# Action item
Repeat each record exactly. Any picture gets left out.
******************************
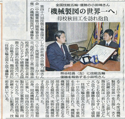 日立製作所 日立事業所勤務 小田嶋 乃輔(平成19年機械科卒)第46回技能五輪全国大会(中央職業能力開発協会主催)の機械製図部門で優勝した会社員小田嶋乃輔(だいすけ)さん(20)が2008年11月17日、母校を訪れ、優勝報告と来年9月にカナダで開催される国際大会出場の抱負を述べました。若い力が頼もしく育って行くことを陰ながら応援したいと思います。
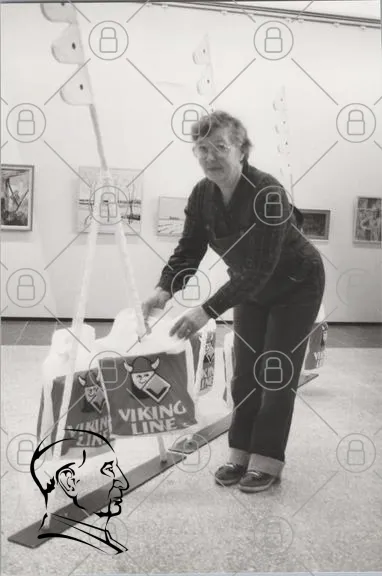 kvinna, Viking Line, påse, konstutställning, svartvitt, inomhus, 1980-tal, kläder, leende, konstverk, kultur, skandinavisk, fotografi, retro, tradition, resor, maritim, souvenir, handarbete, utställning, konstnär, besökare, interiör, konst, historia, nostalgi, design, identitet, samhälle, minnen
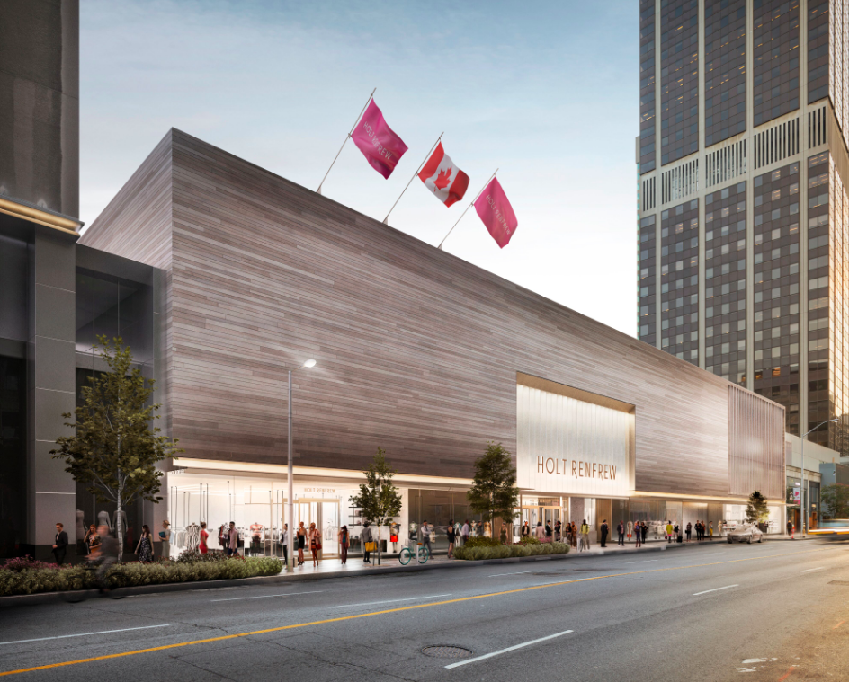 Large-format luxury retailer Holt Renfrew has provided an update on renovations to its 190,000 square foot Bloor Street flagship at 50 Bloor Street West in Toronto, including renderings of a new facade and restaurant space, as well as more information on its interior renovations. The project is ongoing into 2020 and will see a refreshed space that will anchor the eastern end of Toronto’s famed ‘Mink Mile’.
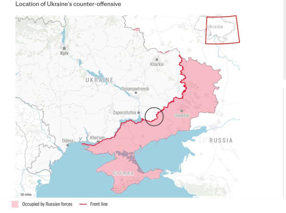 地图显示,在特尔努瓦特、多布罗皮利亚和扎利日奇内附近,靠近第聂伯罗彼得罗夫斯克-扎波罗热边界,乌克兰军队在反攻中突破了俄军防线。
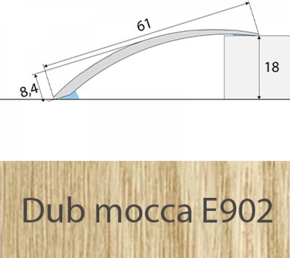 Přechodová lišta v šíři 61 mm je nejvyšší profil který překryje spáru u výškově nestejných podlah do 18 mm.
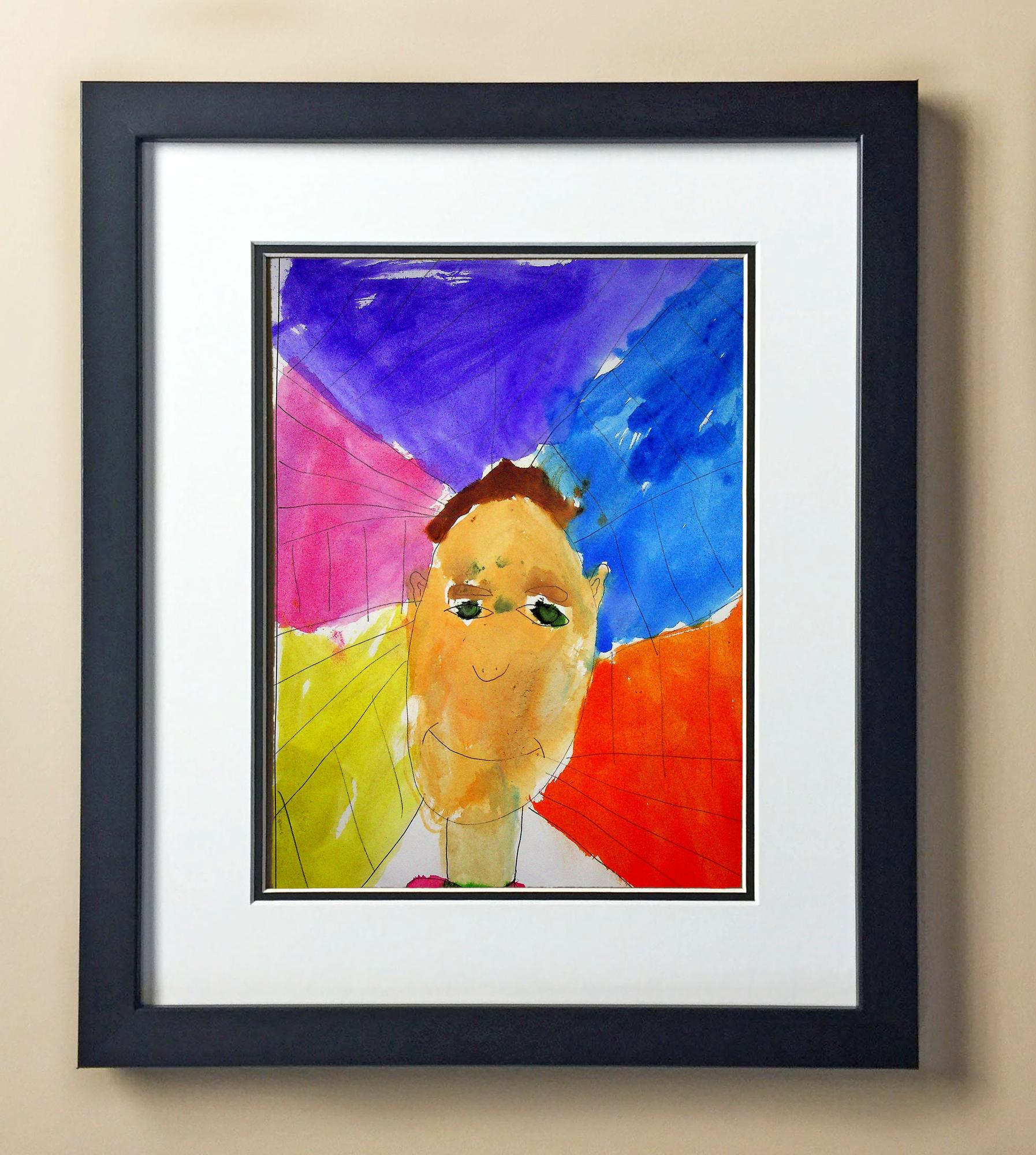 Included with the purchase is the Students Artwork, Frame, double matboard, shatter proof plexiglass, and a ready to hang backerboard with turnbuttons
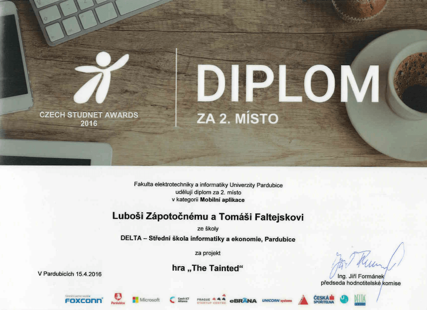 Druhé místo obsadili také nadějní prváci Luboš Zápotočný a Tomáš Faltejsek v kategorii Mobilní aplikace s mobilní verzí jejich hry "The Tainted".
******************************
# Task result
 日立製作所 日立事業所勤務 小田嶋 乃輔(平成19年機械科卒)第46回技能五輪全国大会(中央職業能力開発協会主催)の機械製図部門で優勝した会社員小田嶋乃輔(だいすけ)さん(20)が2008年11月17日、母校を訪れ、優勝報告と来年9月にカナダで開催される国際大会出場の抱負を述べました。若い力が頼もしく育って行くことを陰ながら応援したいと思います。
 kvinna, Viking Line, påse, konstutställning, svartvitt, inomhus, 1980-tal, kläder, leende, konstverk, kultur, skandinavisk, fotografi, retro, tradition, resor, maritim, souvenir, handarbete, utställning, konstnär, besökare, interiör, konst, historia, nostalgi, design, identitet, samhälle, minnen
 Large-format luxury retailer Holt Renfrew has provided an update on renovations to its 190,000 square foot Bloor Street flagship at 50 Bloor Street West in Toronto, including renderings of a new facade and restaurant space, as well as more information on its interior renovations. The project is ongoing into 2020 and will see a refreshed space that will anchor the eastern end of Toronto’s famed ‘Mink Mile’.
 地图显示,在特尔努瓦特、多布罗皮利亚和扎利日奇内附近,靠近第聂伯罗彼得罗夫斯克-扎波罗热边界,乌克兰军队在反攻中突破了俄军防线。
 Přechodová lišta v šíři 61 mm je nejvyšší profil který překryje spáru u výškově nestejných podlah do 18 mm.
 Included with the purchase is the Students Artwork, Frame, double matboard, shatter proof plexiglass, and a ready to hang backerboard with turnbuttons
 Druhé místo obsadili také nadějní prváci Luboš Zápotočný a Tomáš Faltejsek v kategorii Mobilní aplikace s mobilní verzí jejich hry "The Tainted".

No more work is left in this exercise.